Accurate Pricing: Cost estimates verified against live provider rates across Anthropic, OpenAI, Google, and Perplexity.
Risk Detection: Catches scope explosion, missing constraints, hallucination risk, and underspecified prompts before they reach an LLM.
Safe Compression: Guaranteed to never increase token count. Structured content (code, tables, lists) is always protected.
Multi-Provider: Routes to the right model at the right price, with a full decision trail explaining why.
Auditable: Every decision is logged with hash-chained integrity. Enterprise teams get cryptographic proof of compliance.

Fully offline. Zero LLM calls. Extensively tested. Run the suite yourself to verify.

Architecture

Full request lifecycle

Every prompt passes through 8 sequential gates. All decisions are deterministic — zero LLM calls, zero randomness.

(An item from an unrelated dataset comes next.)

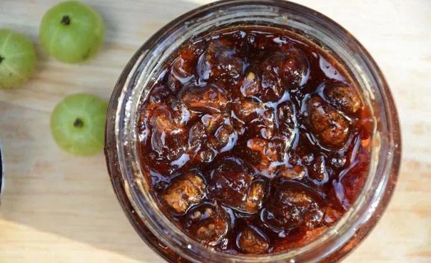 - Варенье из плодов с кожурой похоже на гречишный мед – оно имеет густой темный цвет. Для приготовления этого варенья плоды не освобождаются от покровной зеленой кожуры, которая плотно прилегает к неспелому ядру.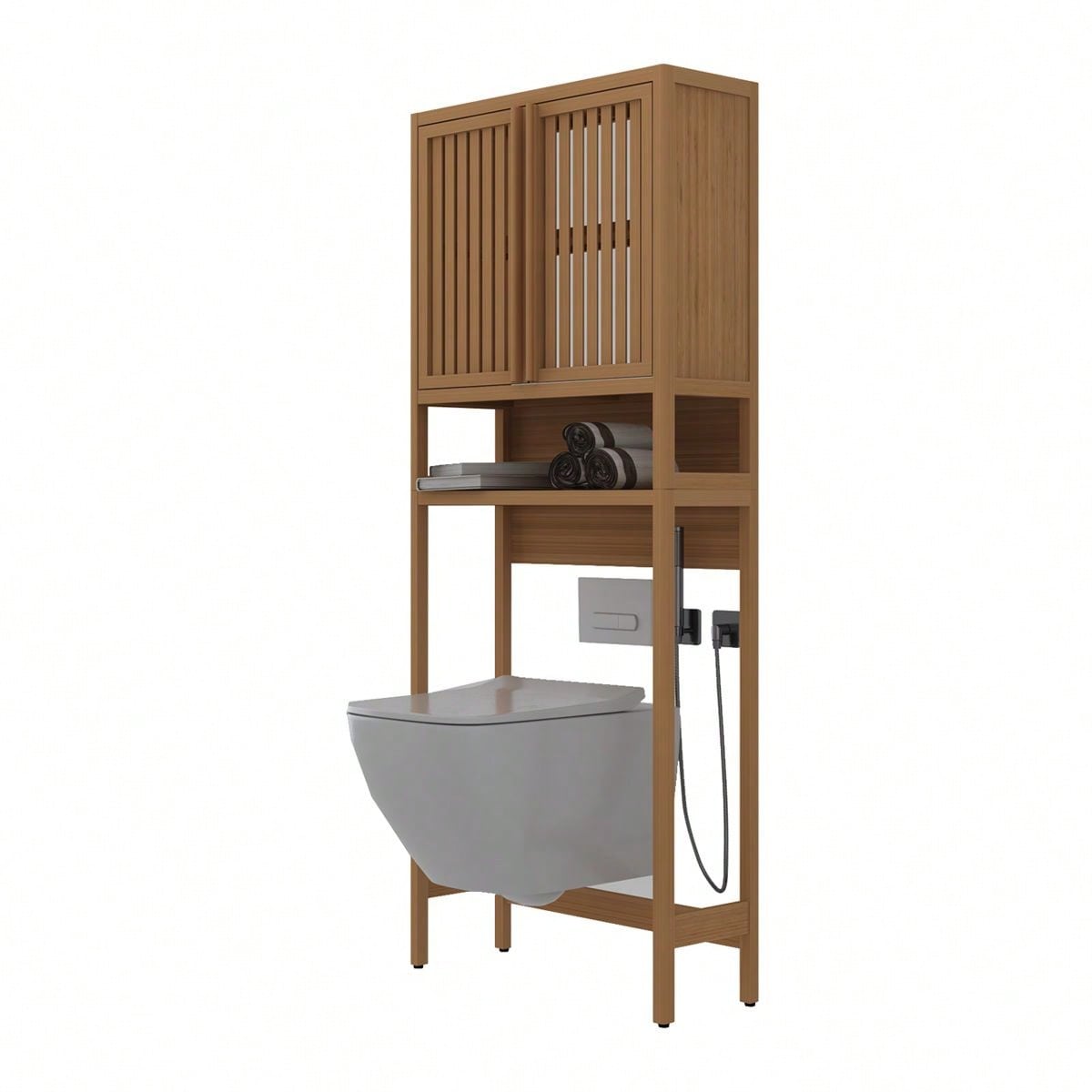 Extra Large Capacity Toilet Storage Rack, Making Full Use Of Bathroom Space, Bamboo Toilet Storage Rack, Open Shelf And Two Louvered Doors.

User Prompt STEP 1 Input Hardening Freemium Gate BLOCKED quota exceeded denied allowed Policy Gate Enterprise BLOCKED policy violation STEP 2 Analysis Phase → Intent Scoring Phase QualityScore 0–100 Compilation Phase Claude / OpenAI / Generic Estimation Phase 5 providers + routing LEGEND Normal flow Blocked Decision gate

Complete Capability Reference

20 capabilities across every tier — 17 always free, 3 metered. Enterprise governance unlocks with the Enterprise plan.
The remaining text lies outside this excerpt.